Results released today from the Irish Life Health Schools’ Fitness Challenge 2018, reveal that participation in the fitness challenge drops by over 80% after third-year and the fitness levels among girls decreases dramatically from first to sixth year.
The Irish Life Health Schools’ Fitness Challenge demonstrates that a six-week fitness programme improves children’s fitness levels by an average of 10%.
“The past seven years of data have enabled us to analyse the trends and of biggest concern is the tremendously large participation drop off after third year,” said Professor Niall Moyna who oversees the programme in the Centre for Preventive Medicine at Dublin City University.
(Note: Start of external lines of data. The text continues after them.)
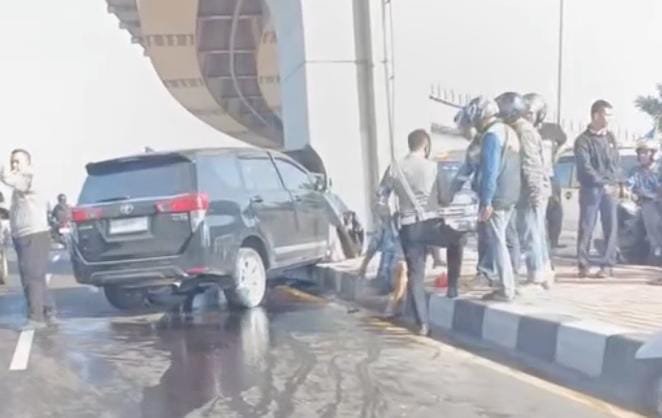 Bukannya berhenti, Hendry justru memacu mobil lebih cepat untuk kabur. Namun, sesampainya di atas Fly Over, kendaraan yang dikemudikannya hilang kendali dan menabrak tiang LRT hingga ringsek parah.
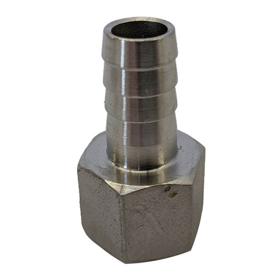 1/2″ female NPT thread stainless steel barbed fitting for connecting soft-sided tubing in low-pressure applications.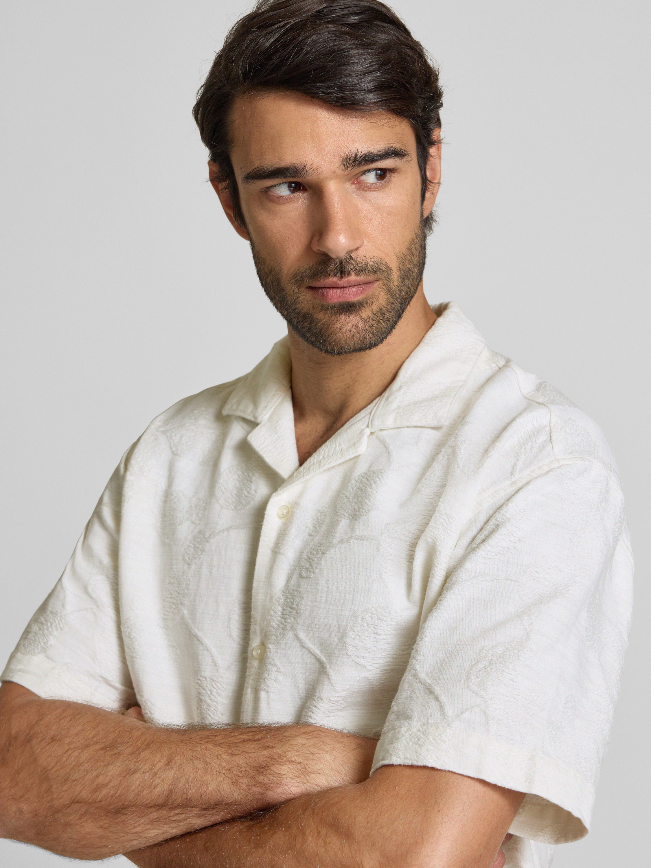 MCNEALTailored Fit Freizeithemd aus Baumwoll-Mix mit Leinen-Anteil in offwhite
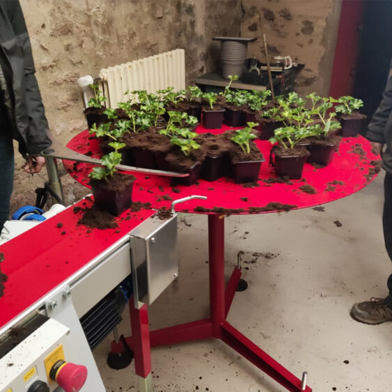 The Da Ros Pot Storage Rotating Table is designed for the temporary collection and buffering of pots during nursery production.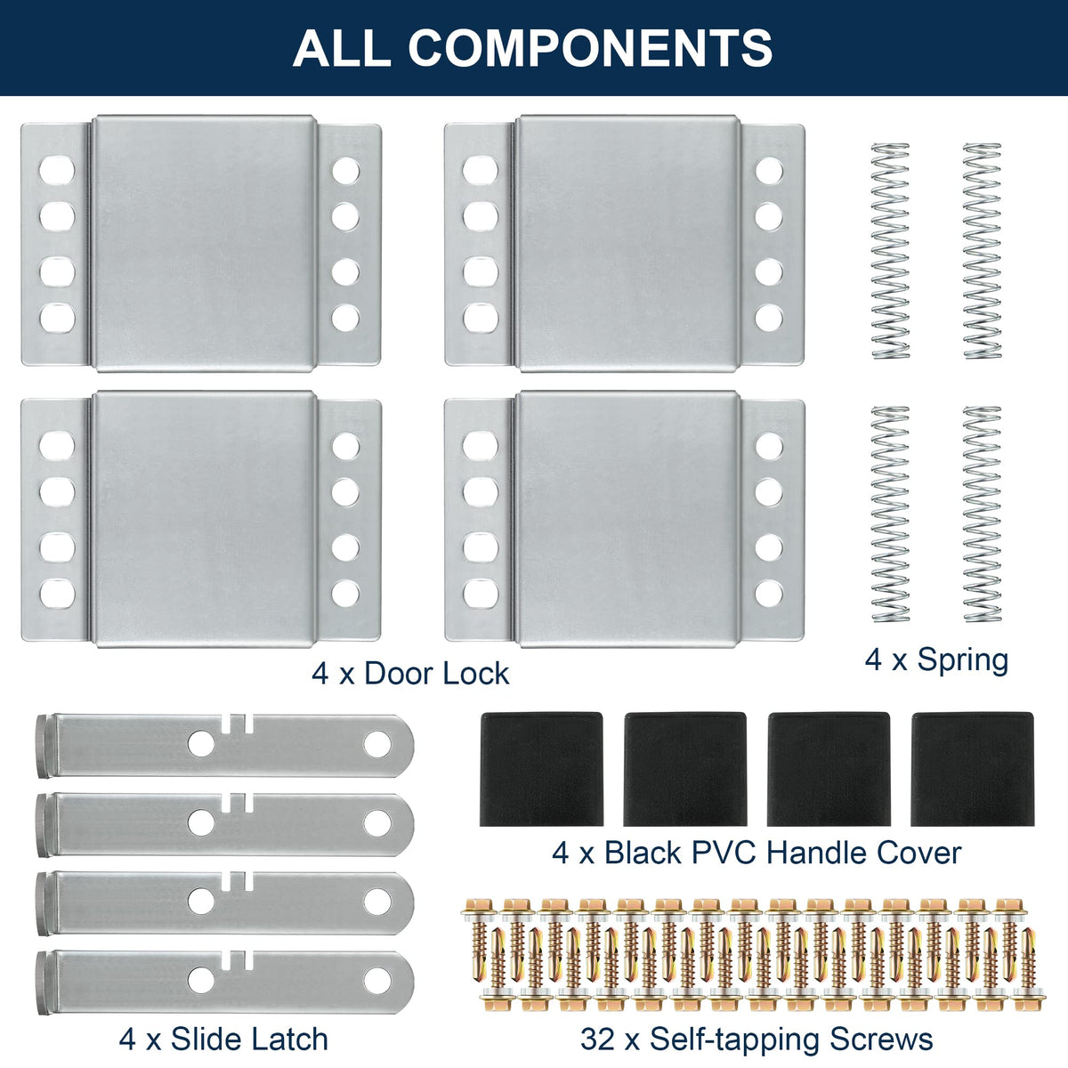 4 Pack Garage Door Side Lock With Self Tapping Screws, Heavy Duty Inside Deadlock Dual Side Lock Part, Galvanized Steel, For Door Security Slide Latch Assembly Replacement, Black Pvc Handle Cover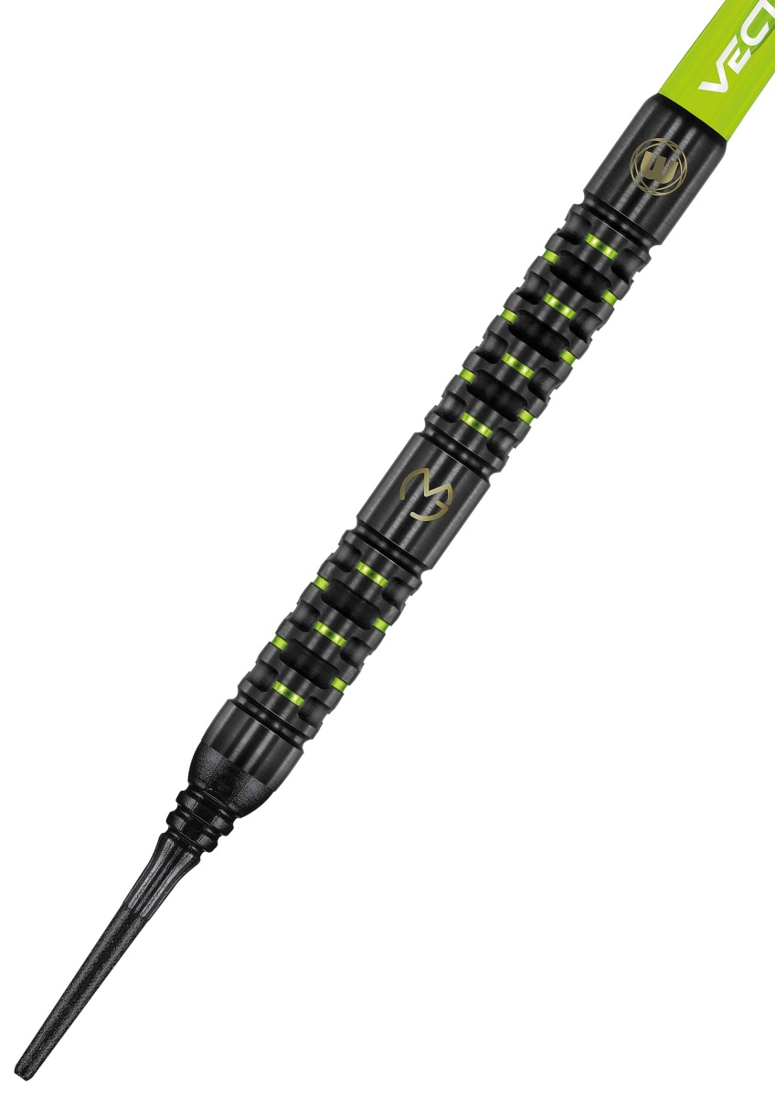 Lotki Winmau Michael van Gerwen - Adrenalin soft to lotki wolframowe (90% wolframu) o doskonałym, nowoczesnym wyglądzie. Fascynujące czarne beczki z powłoką onyksową są uzupełnione zielonymi metalowymi detalami, które nadają rzutkom niepowtarzalny wygląd.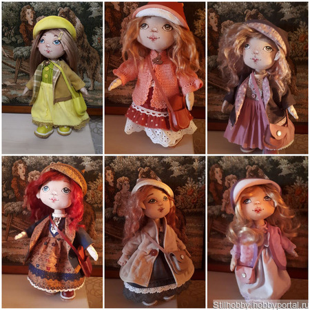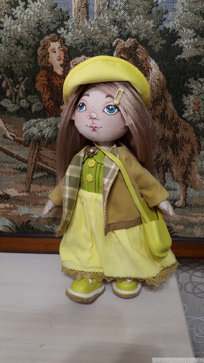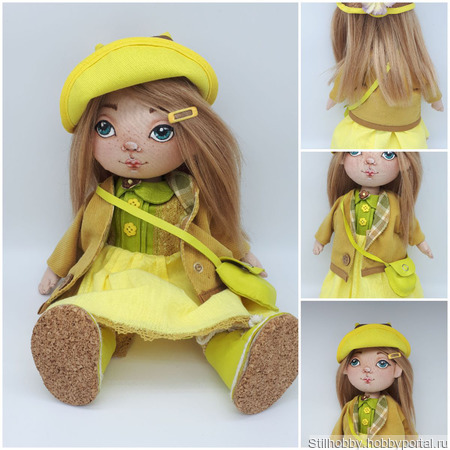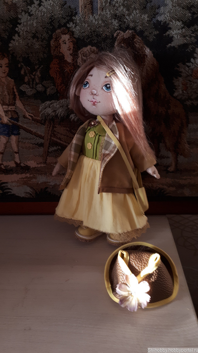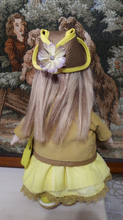Текстильная кукла сшита из корейского хлопка,лицо нарисовпно красками доя ткани,волосы из натуральнвых козьих тресс надежно приклеены и их можно расчесывать.Ручки и ножки на шарнирах.Куколка имеет полный гардероб,который можно снимать:белье,носочк,платье,пальто,панамка.Сумочка и обувь выполнены из натуральной кожи.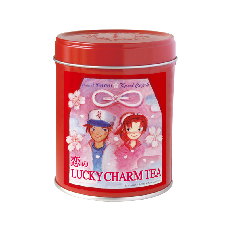 恋心を彷彿させる真っ赤な缶デザインが特徴の「服部平次&遠山和葉 恋のラッキーチャームティー 缶」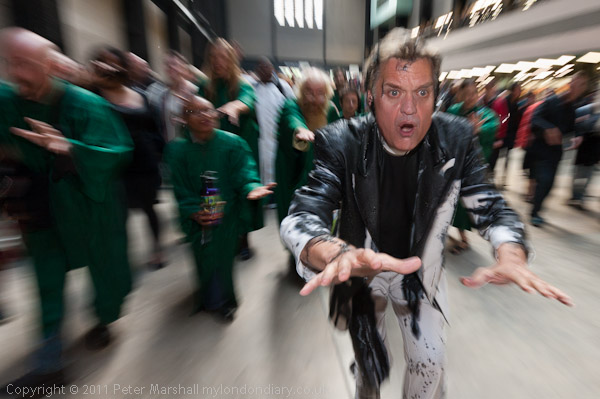 On the dot of 5.30pm, the Rev Billy and his congregation donned their robes in the middle of the Turbine Hall and the service began. After an introduction by the Reverend, the congregation began to dance around him and anointed him with 'oil', a dirty black mixture which made quite a mess of his trademark white suit.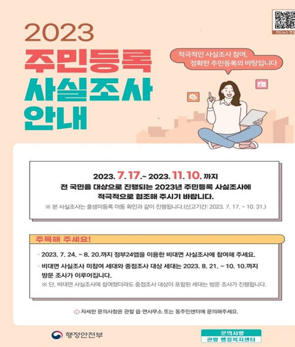 이번 사실조사는 정부24 앱을 통한 비대면-디지털 조사를 진행한 이후, 이·통장 및 읍·면·동 공무원이 거주지에 방문해 확인하는 방식으로 조사가 진행된다.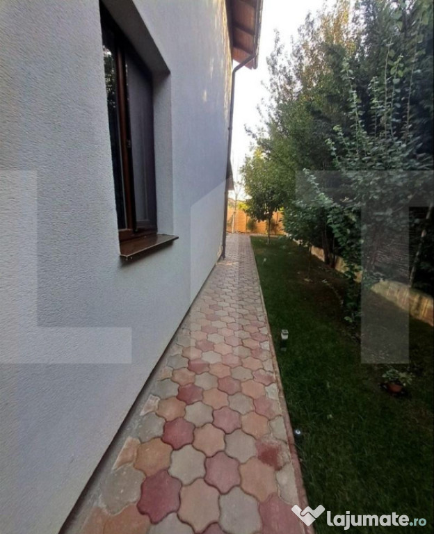 Are curte proprie amenajată cu aspersoare, 208 m², terasă generoasă de 20 m², plus beci sub terasă.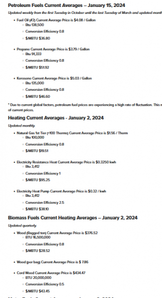Well, for the last several months it has been cheaper per BTU to use my mini-split on the main floor. Now it looks like pellets are the way to go. Just in time - as we're having some pretty cold mornings (5* this morning so far) and I've got the P43 on duty. IIRC, oil was down to $3.89 a month or so ago, but now is showing more. Propane cost me way more than shown in the snip below since I don't use enough.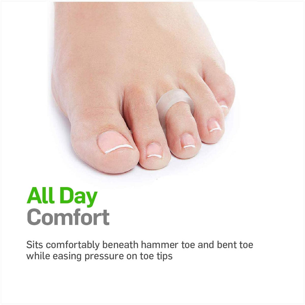 Wear this transparent and comfortable toe crest all day to support your bent toes while you walk. The NatraCure Gel Hammer Toe Crests help relieve hammer or arthritic toes, while easing pressure on toe tips and reducing stress on the metatarsal shafts. Gel slowly releases medical grade mineral oil which softens and moisturizes skin.

“The 2018 data shows that nearly nine-thousand 13-year-olds participated in the Schools’ Fitness Challenge compared to a meagre thirteen-hundred 17-year olds.”
“The sudden drop in participation after third year is extremely alarming. We are seeing a direct link between the drop in participation and the increasing number of children aged from 16 – 18 years not meeting the minimum level of fitness required for optimal health. This is a major national issue, and the big question is why are schools and parents letting this happen?”
“Instead of managing health implications as they arise, we should be trying to prevent them.
In addition to being the leading cause of death in Ireland, cardiovascular disease is also associated with increased risk for dementia and parents just don’t seem to get the connection between childhood fitness and long-term health.”
Moyna is rarely a man to pull his punches but sometimes they do need to be thrown and to land. Parents will understand that trying to communicate long term benefits to teenagers can be a challenge but in a generation where body image is recognised to be more important than ever before the trick has to be to build an image based on real fitness as opposed to social media filters.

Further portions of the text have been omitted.